*TASK TO CARRY OUT:* Return the data exactly, without pictures.

── STORED DATA ──

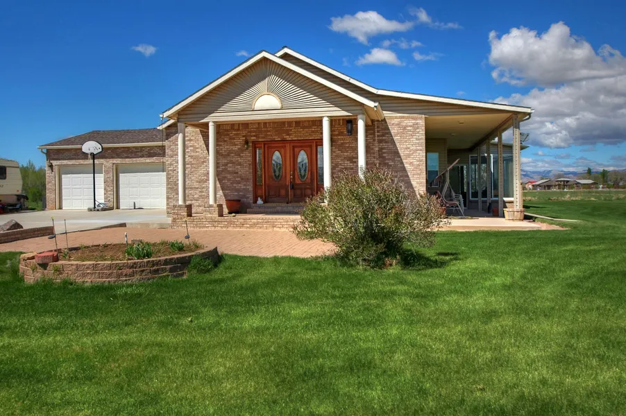 Private Country Setting, tucked away down a private drive. All Brick Custom Built Home with marble tile, crown molding in Living Room and Formal Dining. Light & Bright Arizona Room, Office, Spacious Master Suite. 13.3 Acres with pond, lush green hay fields, gated pipe irrigation. Convenient North Fruita location.
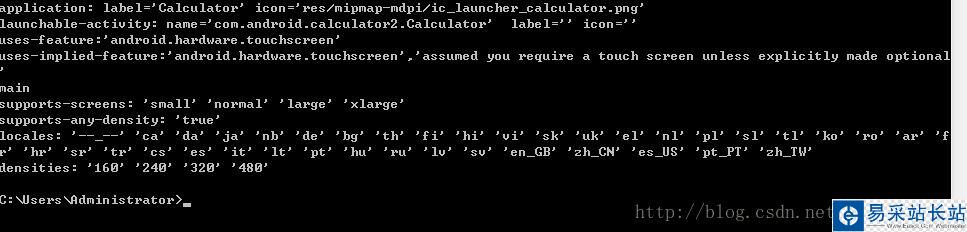 將apk導出后,Android SDK中有一個aapt的工具可以用來查看應用的包名和要啟動的activity名稱,工具在SDK的build-tools目錄下,命令格式為”aapt dump badging apk路徑”
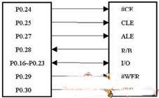 LPC2114和Flash电子硬盘之间的连线如示意图,由于LPC2114没有外部总线,所以对Flash操作只能采用I/O操作方式。K9F2808各种操作具有共同特点,即在I/O端口首先发送操作命令字到命令寄存器,其后的连续3个周期发送需要操作单元的地址,顺序为:A0~A7,A9~A16,A17~A23,其中A8由命令字确定。
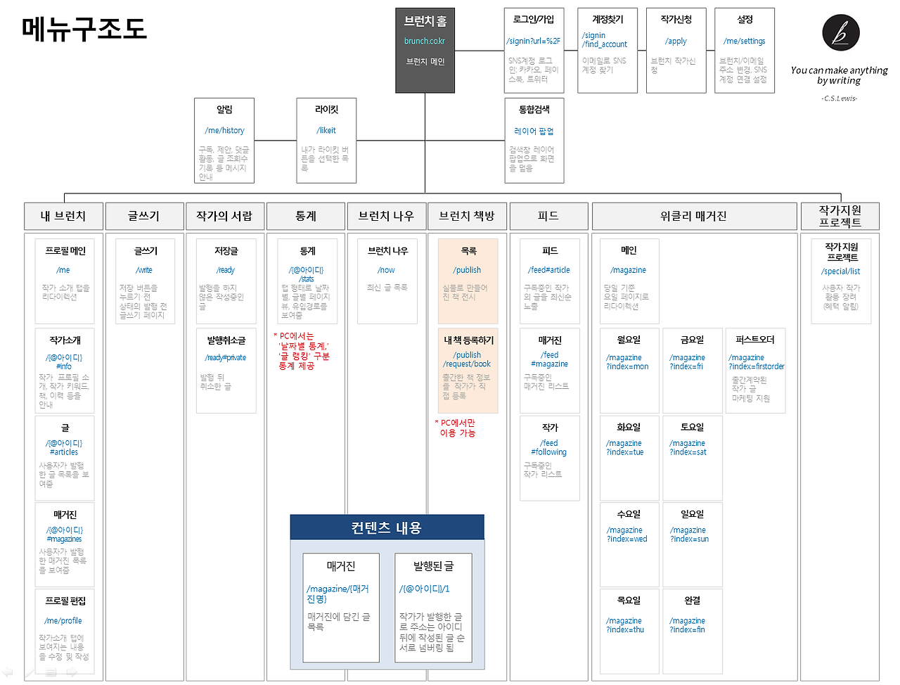 이번엔 햄버거 메뉴 버튼 안에 숨어있는 브런치의 메뉴를 살펴보자. 드로어에 담겨있는 메뉴로 구분하면 글쓰기, 작가의 서랍, 통계, 브런치 홈, 브런치 나우, 브런치 책방, 피드, 위클리 매거진, 작가지원 프로젝트로 분류된다. 각 페이지별 주소를 분석해보면, personality에 대한 페이지는 '/me' 또는 '@아이디'로 분류되어 만들어졌다.

───

*ANSWER TO THE EXERCISE:*
 Private Country Setting, tucked away down a private drive. All Brick Custom Built Home with marble tile, crown molding in Living Room and Formal Dining. Light & Bright Arizona Room, Office, Spacious Master Suite. 13.3 Acres with pond, lush green hay fields, gated pipe irrigation. Convenient North Fruita location.
 將apk導出后,Android SDK中有一個aapt的工具可以用來查看應用的包名和要啟動的activity名稱,工具在SDK的build-tools目錄下,命令格式為”aapt dump badging apk路徑”
 LPC2114和Flash电子硬盘之间的连线如示意图,由于LPC2114没有外部总线,所以对Flash操作只能采用I/O操作方式。K9F2808各种操作具有共同特点,即在I/O端口首先发送操作命令字到命令寄存器,其后的连续3个周期发送需要操作单元的地址,顺序为:A0~A7,A9~A16,A17~A23,其中A8由命令字确定。
 이번엔 햄버거 메뉴 버튼 안에 숨어있는 브런치의 메뉴를 살펴보자. 드로어에 담겨있는 메뉴로 구분하면 글쓰기, 작가의 서랍, 통계, 브런치 홈, 브런치 나우, 브런치 책방, 피드, 위클리 매거진, 작가지원 프로젝트로 분류된다. 각 페이지별 주소를 분석해보면, personality에 대한 페이지는 '/me' 또는 '@아이디'로 분류되어 만들어졌다.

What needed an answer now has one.